Sein „ein und alles“ ist im Übrigen der Köter, Muktar. Er hat ihn sogar als Hintergrundbildchen auf seinem neuen Handy. Man stelle sich den alten Bären mit seiner umgedrehten Mütze, seinem Pulli mit Kapuze und einem modernen „Klapphandy“ vor – zu geil. Könnte direkt aus der Bronx kommen. Ein bisschen zerfurcht, sogar für einen „Gangsta“, aber sonst ganz cool.
Ich zieh mir noch einen Film rein und gehe dann schlafen.
Gute Nacht.
Wenn man das alles so genau nimmt, vergeht der Zauber dieses Papiers auch im Nu. Aber davon will ich mich nicht beeindrucken lassen. Von den Leuten hier im Haus habe ich dafür schon Annerkennung bekommen. Soll heißen, dass sogar Jura nichts Abfälliges von sich gegeben hat, als ich ihm den Zettel unter die Nase hielt. Das hat mir echt Mut gemacht. Seine rausgelullte Frage, die dem folgte habe ich natürlich direkt wieder nicht verstanden, was wieder Balsam für die Seele des Realisten und Salz in die Wunde des Glücklichen war. Nachdem er dann noch mal deutlich wiederholt hatte was er wollte, konnte ich dann aber doch folgen und ihm antworten, dass das Blättchen mir momentan wirklich nichts nützt, aber eventuell später mal von Bedeutung sein könnte, bla, bla, bla.

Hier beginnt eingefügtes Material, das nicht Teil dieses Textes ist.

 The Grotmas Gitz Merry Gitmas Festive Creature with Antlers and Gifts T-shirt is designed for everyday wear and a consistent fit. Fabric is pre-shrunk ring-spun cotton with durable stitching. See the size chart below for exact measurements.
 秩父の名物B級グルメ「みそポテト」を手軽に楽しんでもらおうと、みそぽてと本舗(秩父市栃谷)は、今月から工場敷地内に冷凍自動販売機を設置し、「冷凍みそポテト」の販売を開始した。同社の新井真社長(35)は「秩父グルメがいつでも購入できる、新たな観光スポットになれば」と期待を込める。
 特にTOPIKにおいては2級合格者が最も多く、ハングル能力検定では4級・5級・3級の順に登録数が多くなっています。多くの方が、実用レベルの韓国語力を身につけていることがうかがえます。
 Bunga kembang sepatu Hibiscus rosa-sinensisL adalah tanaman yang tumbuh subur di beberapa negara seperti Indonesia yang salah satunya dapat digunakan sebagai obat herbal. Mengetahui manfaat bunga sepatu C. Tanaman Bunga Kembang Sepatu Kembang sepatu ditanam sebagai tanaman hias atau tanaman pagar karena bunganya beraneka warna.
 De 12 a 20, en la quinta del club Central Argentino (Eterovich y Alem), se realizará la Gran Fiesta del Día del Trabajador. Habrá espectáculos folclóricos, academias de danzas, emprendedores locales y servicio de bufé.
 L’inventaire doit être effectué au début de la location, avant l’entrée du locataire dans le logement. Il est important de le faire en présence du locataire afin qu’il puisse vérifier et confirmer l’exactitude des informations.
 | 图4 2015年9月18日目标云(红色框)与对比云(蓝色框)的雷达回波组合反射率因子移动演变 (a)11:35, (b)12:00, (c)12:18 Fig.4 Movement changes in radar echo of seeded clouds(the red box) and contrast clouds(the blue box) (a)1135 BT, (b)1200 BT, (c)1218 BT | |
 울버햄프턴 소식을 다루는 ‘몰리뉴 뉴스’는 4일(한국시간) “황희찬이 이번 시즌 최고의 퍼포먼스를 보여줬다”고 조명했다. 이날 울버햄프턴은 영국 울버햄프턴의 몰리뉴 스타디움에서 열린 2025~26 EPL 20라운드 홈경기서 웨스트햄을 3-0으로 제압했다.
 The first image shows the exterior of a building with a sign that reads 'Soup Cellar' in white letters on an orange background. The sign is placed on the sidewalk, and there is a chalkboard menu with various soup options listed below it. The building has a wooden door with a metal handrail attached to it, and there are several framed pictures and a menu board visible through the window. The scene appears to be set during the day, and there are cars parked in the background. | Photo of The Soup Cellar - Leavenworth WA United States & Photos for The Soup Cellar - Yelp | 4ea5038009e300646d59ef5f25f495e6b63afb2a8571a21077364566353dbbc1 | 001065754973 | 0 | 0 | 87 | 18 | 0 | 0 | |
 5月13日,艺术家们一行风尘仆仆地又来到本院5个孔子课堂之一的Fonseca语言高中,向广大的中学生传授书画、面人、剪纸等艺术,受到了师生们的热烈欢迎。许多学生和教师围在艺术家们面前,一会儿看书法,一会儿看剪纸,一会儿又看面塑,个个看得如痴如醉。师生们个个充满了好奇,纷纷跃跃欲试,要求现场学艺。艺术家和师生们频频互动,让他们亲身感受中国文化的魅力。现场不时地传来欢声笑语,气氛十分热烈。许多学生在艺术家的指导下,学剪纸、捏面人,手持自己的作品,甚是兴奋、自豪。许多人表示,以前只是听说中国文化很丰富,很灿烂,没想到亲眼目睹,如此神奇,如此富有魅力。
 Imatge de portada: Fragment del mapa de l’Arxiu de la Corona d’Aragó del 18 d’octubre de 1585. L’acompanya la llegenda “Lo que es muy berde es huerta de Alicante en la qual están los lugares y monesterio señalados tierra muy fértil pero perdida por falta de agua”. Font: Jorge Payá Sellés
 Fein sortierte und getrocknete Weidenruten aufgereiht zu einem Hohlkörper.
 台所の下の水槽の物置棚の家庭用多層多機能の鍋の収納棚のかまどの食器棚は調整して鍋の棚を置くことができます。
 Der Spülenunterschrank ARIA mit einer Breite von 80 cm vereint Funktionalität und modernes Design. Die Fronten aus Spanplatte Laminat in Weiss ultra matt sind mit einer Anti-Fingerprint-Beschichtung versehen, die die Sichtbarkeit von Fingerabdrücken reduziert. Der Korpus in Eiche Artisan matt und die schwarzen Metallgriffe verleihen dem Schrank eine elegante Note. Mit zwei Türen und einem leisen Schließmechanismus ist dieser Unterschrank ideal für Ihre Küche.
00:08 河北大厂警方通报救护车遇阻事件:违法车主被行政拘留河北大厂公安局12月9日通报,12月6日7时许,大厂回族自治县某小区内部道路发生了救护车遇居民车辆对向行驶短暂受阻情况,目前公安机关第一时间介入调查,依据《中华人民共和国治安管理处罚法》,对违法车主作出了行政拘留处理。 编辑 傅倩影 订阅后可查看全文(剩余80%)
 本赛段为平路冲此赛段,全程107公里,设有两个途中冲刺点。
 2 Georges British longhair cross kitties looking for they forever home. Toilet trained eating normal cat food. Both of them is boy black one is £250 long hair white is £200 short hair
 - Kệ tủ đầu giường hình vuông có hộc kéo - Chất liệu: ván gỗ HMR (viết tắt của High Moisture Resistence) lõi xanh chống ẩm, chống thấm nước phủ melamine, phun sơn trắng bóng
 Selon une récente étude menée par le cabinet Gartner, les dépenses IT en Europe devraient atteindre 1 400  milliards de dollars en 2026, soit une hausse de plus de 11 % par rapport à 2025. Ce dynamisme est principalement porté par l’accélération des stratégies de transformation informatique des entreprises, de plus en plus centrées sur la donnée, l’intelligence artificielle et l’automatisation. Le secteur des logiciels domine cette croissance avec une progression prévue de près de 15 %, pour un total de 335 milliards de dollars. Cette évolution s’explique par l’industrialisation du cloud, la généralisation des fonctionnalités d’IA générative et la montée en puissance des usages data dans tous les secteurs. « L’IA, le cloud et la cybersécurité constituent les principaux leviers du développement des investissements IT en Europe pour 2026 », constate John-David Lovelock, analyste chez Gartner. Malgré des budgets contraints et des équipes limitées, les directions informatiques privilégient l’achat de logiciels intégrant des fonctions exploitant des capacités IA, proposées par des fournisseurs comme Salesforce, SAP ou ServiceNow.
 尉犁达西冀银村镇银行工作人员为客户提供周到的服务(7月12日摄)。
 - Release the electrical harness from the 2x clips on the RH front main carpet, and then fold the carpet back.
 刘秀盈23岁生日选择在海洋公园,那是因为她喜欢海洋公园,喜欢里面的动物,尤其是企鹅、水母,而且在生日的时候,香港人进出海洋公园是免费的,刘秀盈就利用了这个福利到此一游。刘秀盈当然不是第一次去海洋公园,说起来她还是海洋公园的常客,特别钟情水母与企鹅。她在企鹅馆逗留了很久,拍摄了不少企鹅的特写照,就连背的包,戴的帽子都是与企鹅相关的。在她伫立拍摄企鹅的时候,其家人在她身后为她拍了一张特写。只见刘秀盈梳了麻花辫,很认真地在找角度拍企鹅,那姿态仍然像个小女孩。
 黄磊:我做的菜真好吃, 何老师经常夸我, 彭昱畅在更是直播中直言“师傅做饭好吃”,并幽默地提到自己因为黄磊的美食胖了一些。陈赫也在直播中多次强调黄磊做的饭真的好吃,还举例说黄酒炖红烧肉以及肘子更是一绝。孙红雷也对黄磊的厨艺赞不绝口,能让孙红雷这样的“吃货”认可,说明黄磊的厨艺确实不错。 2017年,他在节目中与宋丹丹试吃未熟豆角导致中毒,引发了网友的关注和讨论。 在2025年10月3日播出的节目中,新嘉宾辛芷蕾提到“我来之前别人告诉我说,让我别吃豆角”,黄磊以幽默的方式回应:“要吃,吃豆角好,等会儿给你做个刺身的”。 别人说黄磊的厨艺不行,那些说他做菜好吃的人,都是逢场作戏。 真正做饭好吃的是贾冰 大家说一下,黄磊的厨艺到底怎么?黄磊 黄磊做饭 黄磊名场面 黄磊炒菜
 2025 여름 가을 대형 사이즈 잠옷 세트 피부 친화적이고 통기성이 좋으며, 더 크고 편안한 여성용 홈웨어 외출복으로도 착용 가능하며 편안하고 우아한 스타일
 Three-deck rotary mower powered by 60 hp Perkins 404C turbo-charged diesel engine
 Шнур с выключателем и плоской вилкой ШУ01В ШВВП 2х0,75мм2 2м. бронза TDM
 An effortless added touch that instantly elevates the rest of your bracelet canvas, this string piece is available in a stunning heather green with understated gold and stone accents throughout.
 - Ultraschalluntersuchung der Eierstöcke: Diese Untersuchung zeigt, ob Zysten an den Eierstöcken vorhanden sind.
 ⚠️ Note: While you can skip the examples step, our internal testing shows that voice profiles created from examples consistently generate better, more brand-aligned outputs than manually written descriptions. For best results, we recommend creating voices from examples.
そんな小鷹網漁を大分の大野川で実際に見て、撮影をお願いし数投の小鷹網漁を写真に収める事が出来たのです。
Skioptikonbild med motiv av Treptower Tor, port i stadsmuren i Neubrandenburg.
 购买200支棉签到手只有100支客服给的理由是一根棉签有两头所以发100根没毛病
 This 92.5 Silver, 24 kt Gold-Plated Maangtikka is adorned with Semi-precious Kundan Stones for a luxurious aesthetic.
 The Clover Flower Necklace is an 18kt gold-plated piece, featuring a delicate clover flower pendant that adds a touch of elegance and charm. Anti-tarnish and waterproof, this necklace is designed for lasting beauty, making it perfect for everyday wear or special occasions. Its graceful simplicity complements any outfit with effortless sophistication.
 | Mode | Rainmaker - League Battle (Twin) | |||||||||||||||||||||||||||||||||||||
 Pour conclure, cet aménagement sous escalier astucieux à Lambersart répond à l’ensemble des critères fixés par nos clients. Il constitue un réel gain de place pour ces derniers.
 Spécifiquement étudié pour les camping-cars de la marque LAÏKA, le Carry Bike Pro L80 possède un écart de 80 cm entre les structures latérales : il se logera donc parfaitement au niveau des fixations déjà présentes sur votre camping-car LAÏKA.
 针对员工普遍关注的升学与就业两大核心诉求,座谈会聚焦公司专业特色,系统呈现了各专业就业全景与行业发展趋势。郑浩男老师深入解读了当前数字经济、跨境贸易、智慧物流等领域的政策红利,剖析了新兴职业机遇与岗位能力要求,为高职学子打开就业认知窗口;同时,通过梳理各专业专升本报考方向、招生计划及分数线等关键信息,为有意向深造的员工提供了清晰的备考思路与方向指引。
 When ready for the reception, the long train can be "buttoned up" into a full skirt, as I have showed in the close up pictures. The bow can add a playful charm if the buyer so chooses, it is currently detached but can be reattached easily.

Ach ja, zu Jura könnte man hier allein einen ganzen Roman und zwei Bildergalerien reinstellen. Die Bildergalerien besitze ich (zumindest zum Teil) schon hier, auf dem Computer, während der Roman nur in meinem Kopf schwirrt und einen Teil dessen versuche ich diesem mal zu entlocken, um wieder Futter für alle Lesebegierigen in den großen Trog „Internet“ zu füllen.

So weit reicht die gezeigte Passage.